Conservation Group Can Live With Timber Sale Forest Service Praised For Listening, Protecting Grandmother Mountain

These are words supposedly never heard in the polarized 1990s: An environmental group says it generally approves of a Forest Service timber sale.

The praise is even more astonishing considering some of the logging will occur in the 40,000-acre Grandmother Mountain Roadless Area, one of the largest roadless areas in North Idaho.

Welcome to a project named Hobo-Cornwall, which calls for logging nearly 7 million board feet of timber east of St. Maries.

Logging there is dicey because of the attention Grandmother Mountain draws. The area is popular with backcountry equestrians, huckleberry pickers, hunters, fishermen and backpackers.

It has been featured in the national publication Backpacker Magazine. It was adopted by the Great Old Broads for Wilderness, a graying group of hikers who want to see Grandmother Mountain in a fully protected wilderness area.
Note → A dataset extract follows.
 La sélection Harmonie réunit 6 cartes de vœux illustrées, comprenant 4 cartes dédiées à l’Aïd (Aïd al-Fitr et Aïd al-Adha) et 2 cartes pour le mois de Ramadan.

That may not happen any time soon, but the latest logging proposal is not the invasion conservationists feared.

“It protects what’s left of Grandmother Mountain,” said Larry McLaud of the Idaho Conservation League. The Forest Service people involved “are listening to the people and incorporating what they hear into a timber sale, and that is a novel concept with the Forest Service in Idaho.
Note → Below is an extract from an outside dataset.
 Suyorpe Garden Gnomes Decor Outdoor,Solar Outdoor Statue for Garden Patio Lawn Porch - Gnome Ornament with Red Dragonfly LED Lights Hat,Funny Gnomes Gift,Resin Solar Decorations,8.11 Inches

“We’re not endorsing the whole thing, but this is progress,” McLaud said.

The timber industry is surprised and pleased at the environmentalists’ response. It also generally likes the final Hobo-Cornwall package.

“If we can get agreement on what to do in the woods, that’s always a success,” said Jim Riley, executive vice president of Intermountain Forest Industry Association.

Most people who contacted the Forest Service about Hobo-Cornwall opposed logging in the roadless area. That prompted the Forest Service to drop two of the three logging areas that were planned in the roadless area near Marble Creek.

That was easier to do because helicopter logging was required for the roadless area. The timber industry officials told the Forest Service the timber probably wasn’t worth the cost of the helicopter time, said Bradley Gilbert, St. Joe District ranger.

While leaving that portion of the roadless country alone, the agency is selling 30,000 more board feet than under the agency’s original preferred logging plan.

The project also is more palatable to environmentalists because most of the logging roads will be temporary and will be obliterated after the trees have been removed.

That alleviates concerns about more roads intensifying the motorized invasion of the area after logging. It also eases worries that some fairly pristine streams will become loaded with sediment, often a byproduct of logging roads.

The Forest Service decided not to use clearcuts and elected to keep most of the logging away from Marble Creek, a key cutthroat and bull trout drainage, McLaud said.

Gilbert is happy to hear environmentalists will accept Hobo-Cornwall. The new plan “protects the recreational uses of the area, sustains the visual beauty of the area, avoids old growth stands and corridors, leaves most of the roadless area ‘unentered’ and provides commercial timber volume for the local economy,” Gilbert said.

While industry believes this may be the appropriate compromise, it, like the environmental community, isn’t granting a blanket endorsement. “Somewhere along the line we need to come to grips with what to do about the forest health issues throughout the Grandmother Mountain Roadless area,” Riley said.

The Conservation League isn’t going to take consensus that far.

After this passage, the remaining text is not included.